Yasujiro Ozu’s Kaze no naka no mendori—in the States, A Hen in the Wind—and Kenji Mizoguchi’s Yoru no onnatachi might be considered film sisters; both are from 1948, both address Japan’s postwar socioeconomic devastation, one in Tokyo, the other in Osaka, as reflected in the protagonist’s dip or slip into prostitution, and both (brilliantly) star Kinuyo Tanaka, who was named best actress at Mainichi Film Concours for both performances.
Mizoguchi’s gut-wrenching film, drawn from a novel by Eijirô Hisaita, interweaves the fates of three girls or women, two of them sisters, all who become prostitutes. Tanaka plays Fusako Owada, who loses both husband and son to illness (I presume to divert censorship from U.S. occupiers); her experience and that of the other two include rape, gang beatings, syphilis, and a newborn’s death. Unlike other films by Mizoguchi, this one bears the influence of Italian neorealism.
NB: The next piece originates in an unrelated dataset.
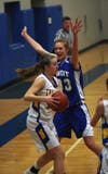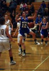Crusader juniors Alison Mueller and Abby Radish combine for 42 points in the decisive home win over the visiting Wolverines.
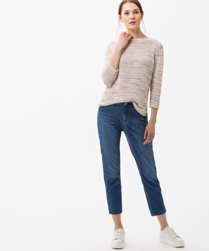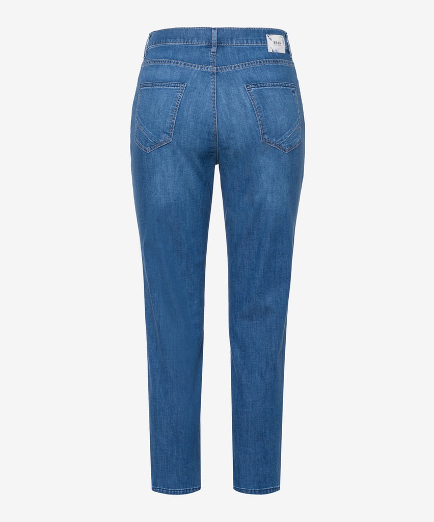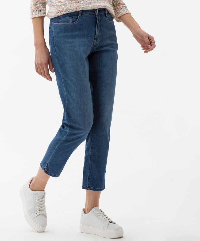 Eine zeitgemäße Sommerjeans, die ihren Titel verdient. Mit dem exklusiven Ultralight-Denim hat sich BRAX das Ziel gesetzt, die leichteste Jeans zu entwickeln, ohne auf einen authentischen Look und exzellentes Handfeel zu verzichten. Mit nur 6,75 oz ist diese moderne Damenjeans ein absolutes Leichtgewicht und bereitet Ihnen so ein sommerliches Jeans-Vergnügen. Für ein rundum perfektes Tragegefühl sorgt bei dieser modernen Damenjeans neben der superleichten Denim-Qualität in dezenter Used-Optik auch die verkürzte Silhouette. Dekorative Hotfix-Elemente auf den Gesäßtaschen und kleine Saumschlitze runden die Sommerjeans mit femininen Touch ab.Form:

The film is stark, brutal. At the last, a swarm of sister prostitutes descend like Furies upon Fusako, assaulting her with slaps and belt amidst war’s rubble at night, when she decides to risk leaving their shared life behind. The situation is ironic; it is doubtful, despite her aspirations, that she will be able to survive once she has gone “straight.” But the other prostitutes are moved to bash her for even offering them the affront of trying to do so when they remain mired in such hopelessness. It is a betrayal; their solidarity is the only shield they possess against the terribleness of their lives. The imagery compounds the irony; in the background is a stained-glass depiction of the Virgin Mary and her infant Jesus. Belonging to a bombed-out church, it suggests that Buddhist Japan no longer felt it could call its soul its own.